Marcel, man, I've been dating this girl for some time now and it's really gotten serious. We love each other a lot and we have a pretty good thing going. At least that's what I thought.

See, she's been bringing up marriage for the last few months, hinting around the fact that she wants nothing more than for me to propose to her, but I always try my best to change the subject. I'm simply not ready for marriage. Not yet, you know? I'm still young.

Problem is, the other night, she basically told me, in so few words, that if I don't marry her, she's going to go on with her life... without me.

Now Marcel, I know you're very anti-monogamy-love and all, but you have to understand, I love her, man. I love her more than anything else in the world. I'm just not ready to marry her. I tried to explain that to her, but it seemed to go in one ear and right out the other. She seems to have her mind set. I don't know what I'd do if I lose her, yet I just can't pull myself to propose. What should I do???


- "Milker Boy" in Illinois -

Leave her alone. Stop messing with her. Break up with her. Dump her.

While, you're right, I'm very much against the tradition of monogamous relationships under basically any condition, even you should see what's wrong in this case.

She's obviously more in love with the idea of marriage than she's in love with you. If that weren't true, she'd be happy just being with you and wouldn't dream of walking out of your life (or even threatening to) just because you don't want to make your relationship "legally official" (by getting married).

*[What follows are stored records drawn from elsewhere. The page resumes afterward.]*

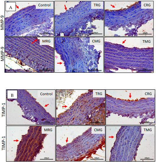 Immunolocalization of MMP-9 (A) and TIMP1 (B) in wall of aorta in all groups of animal. Red arrows indicate aortal intima. IHC A and B. Objective magn. ×40; bar 100 μm.
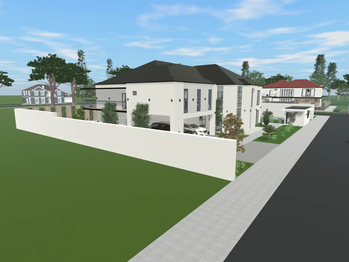 2.) Two-Story Structure: The house consists of two levels, creating a substantial and imposing presence.Symmetrical Facade: The front facade is largely symmetrical, contributing to a sense of balance and formality.
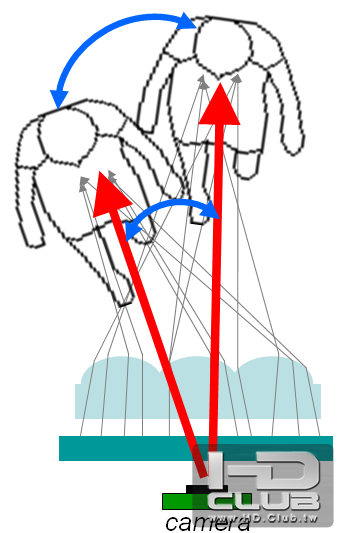 圖二 全視角裸眼3D技術, 可根據Camara判斷人眼位置來決定3D成像視角
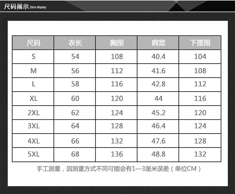 S; M; L; XL; XXL; XXXL; XXXXL; 5XL; 6XL
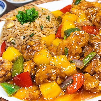 Pollo empanizado bañado en una salsa oriental con verduras, acompañado de un arroz chaufa de la casa.
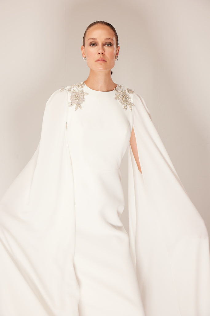 • A dress with majestic, cape-like sleeves and elegant shoulder embellishments
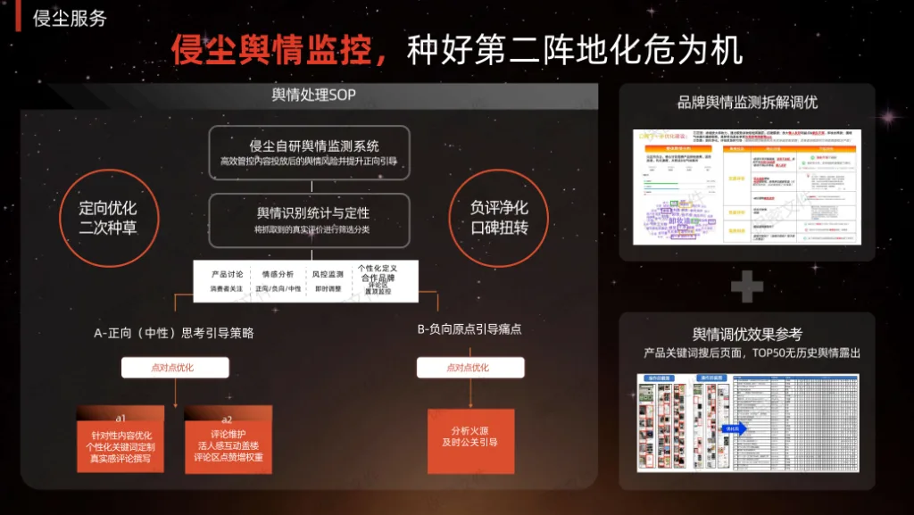侵尘会进行关键词监测,覆盖品牌词、产品词、竞品词,并建立分级响应机制。侵尘会在日常维护中主动管理与达人的关系,从源头减少舆情的发生。

Actually, when considering the fact that the only difference between a couple being married and just being together is the legal aspect of things (the certificate, license, prenuptual agreement), I'm thinking it's not only a matter of her loving the idea of marriage more than you (which is absurd in itself), but her having another motive to marriage than just love. With that, you could have you a grand-scheming bitch on your hands, who ran enough game on you to make you think she's really in love with you just to get what she wants to get out of you (like money, a more luxurious life or even a good daddy for her kid). Of course, you didn't provide me with enough details about her, so I can only speculate on that angle, but it's certainly possible. Actually, it happens all the time. With a little detective work and common sense (thinking with your intelligent brain instead of your stupid heart), you should be able to figure out whether or not that's the case on your own.

Of course, even if there's no alternative motive and she just wants to get married to you so bad that she's willing to not be with you if she can't (as illogical as that is), I still say run for the hills and get out of the relationship as soon as you can. If she's acting this way now, what's going to stop her from pulling similar stunts when she doesn't get her way in the future?

Even if her reason is a security issue, knowing that there's a lot less chance of you two eventually breaking up (for whatever reason) if you get married, and walking out of the relationship now is easiest for her than you eventually dumping her for another chick, that just shows how insecure, untrusting and dependent she is... more reason not to marry her.

Besides, you already said that you're not ready for marriage and that's it right there. Marriage (if you insist on doing it) is something you should do because you want to do it, not because someone else wants you to do it.

Again, dump her immediately (if only for having the audacity to give you such an ultimatum) or see if she backs up her promise and dumps you, but, whatever you do, don't marry her ass (even if you decide that you do want to get married after all).

If you do, knowing that all it would've taken is a "no" for her to walk out of your life for good, you're a fool.